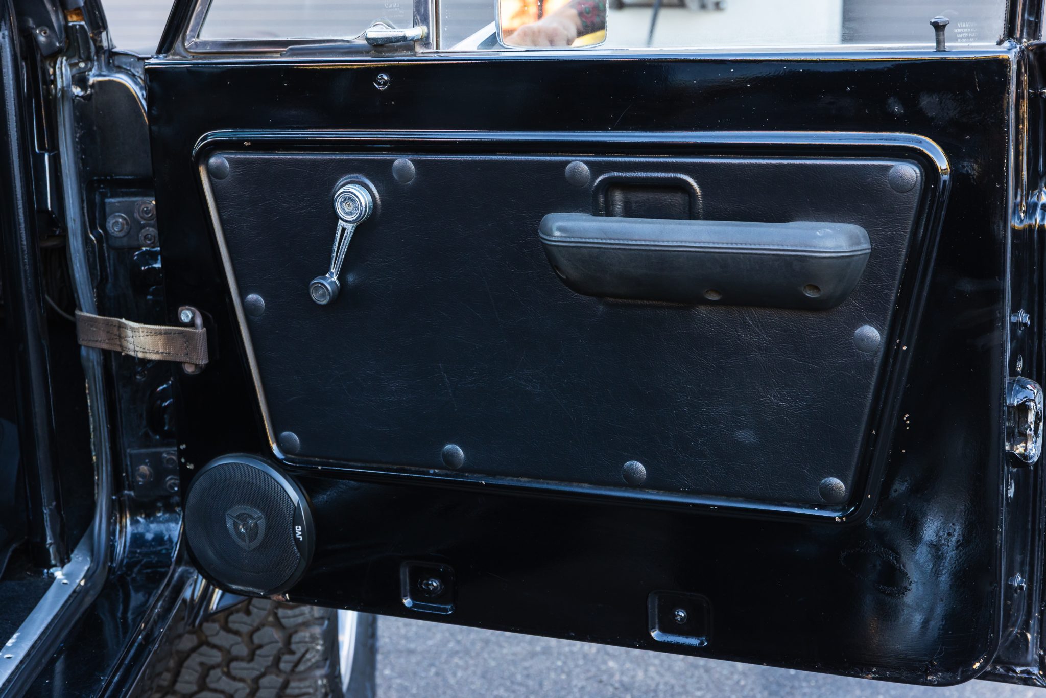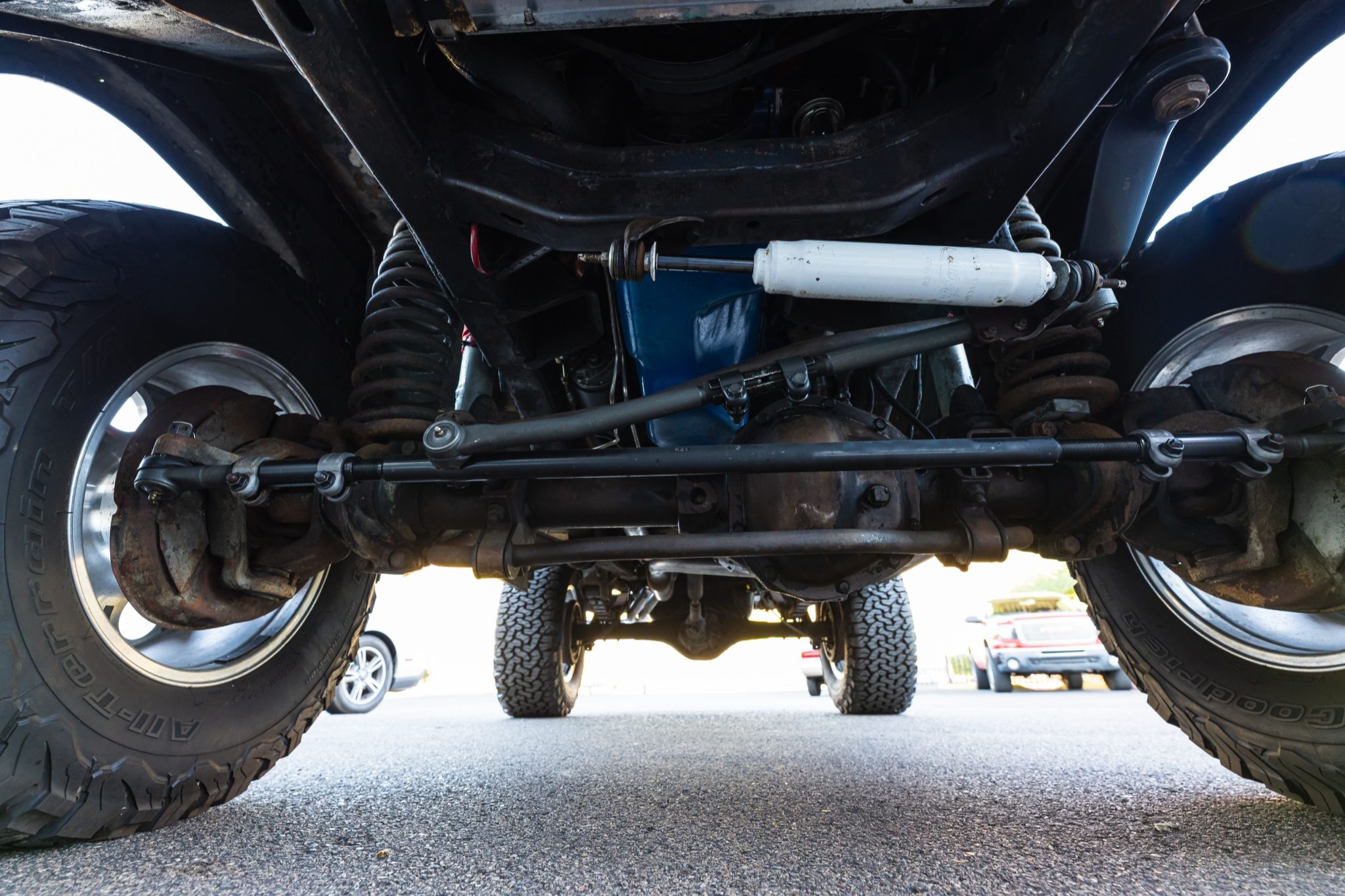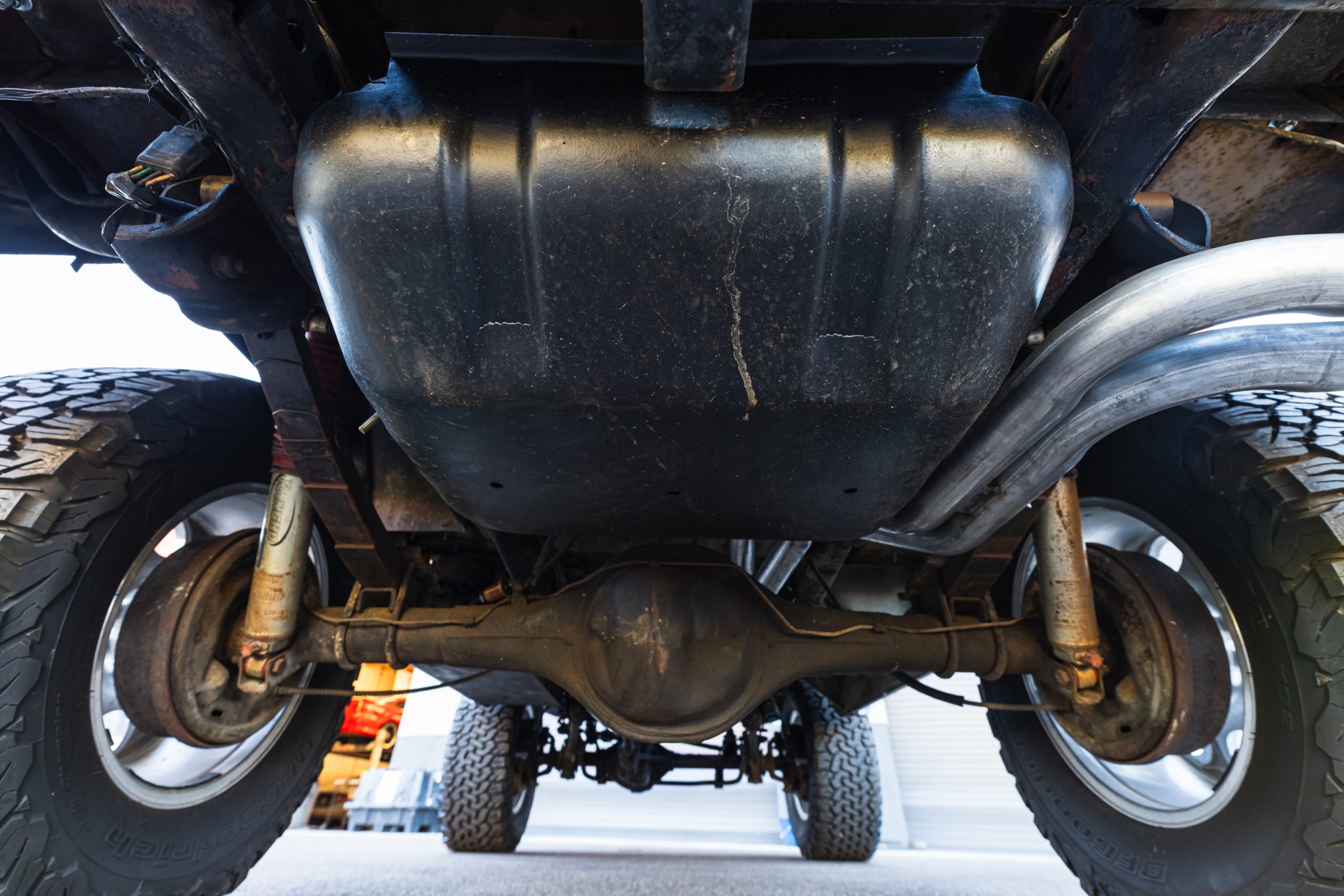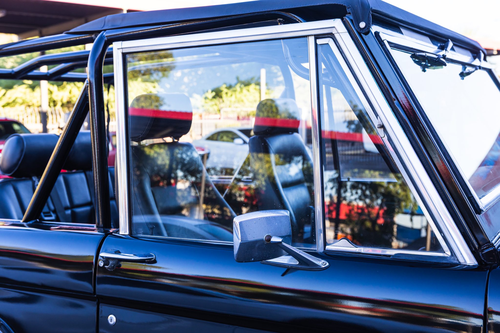 This 1977 Ford Bronco is powered by a replacement 302ci V8 linked with a three-speed automatic transmission and a dual-range transfer case and it is finished in black with white stripes over black upholstery. The truck is equipped with a suspension lift kit, a family-style roll cage, a bikini soft top, bolt-on fender extensions, a swing-out rear tire carrier, 17″ US Mags wheels, manually locking front hubs, power steering, power front disc brakes, a Kenwood stereo, shorty-style headers, a MagnaFlow muffler, and MSD ignition components.
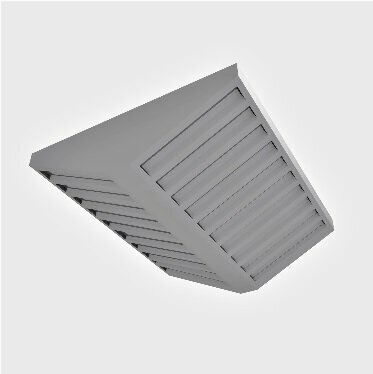 Зонт вентиляционный островного типа с съемными жироуловителями (фильтр туннельного типа) «ЗВОЖ», габаритные размеры ДхШхВ (мм) 800х800х400, весь зонт и съемные фильтра выполнены из нержавеющей стали марки AISI 430, в конструкции зонта также предус...
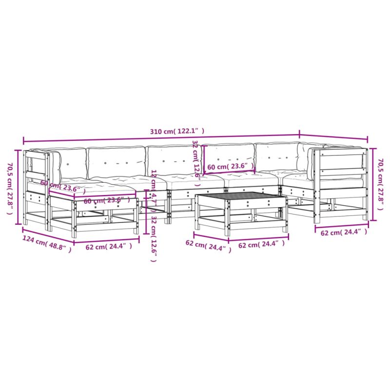 Градински комплект с възглавници, 8 части, дугласко дърво масив

━━━━━━━━

• _What the task asks_
This task calls for the listing to be restated exactly, with images omitted.

• _Response box_
 This 1977 Ford Bronco is powered by a replacement 302ci V8 linked with a three-speed automatic transmission and a dual-range transfer case and it is finished in black with white stripes over black upholstery. The truck is equipped with a suspension lift kit, a family-style roll cage, a bikini soft top, bolt-on fender extensions, a swing-out rear tire carrier, 17″ US Mags wheels, manually locking front hubs, power steering, power front disc brakes, a Kenwood stereo, shorty-style headers, a MagnaFlow muffler, and MSD ignition components.
 Зонт вентиляционный островного типа с съемными жироуловителями (фильтр туннельного типа) «ЗВОЖ», габаритные размеры ДхШхВ (мм) 800х800х400, весь зонт и съемные фильтра выполнены из нержавеющей стали марки AISI 430, в конструкции зонта также предус...
 Градински комплект с възглавници, 8 части, дугласко дърво масив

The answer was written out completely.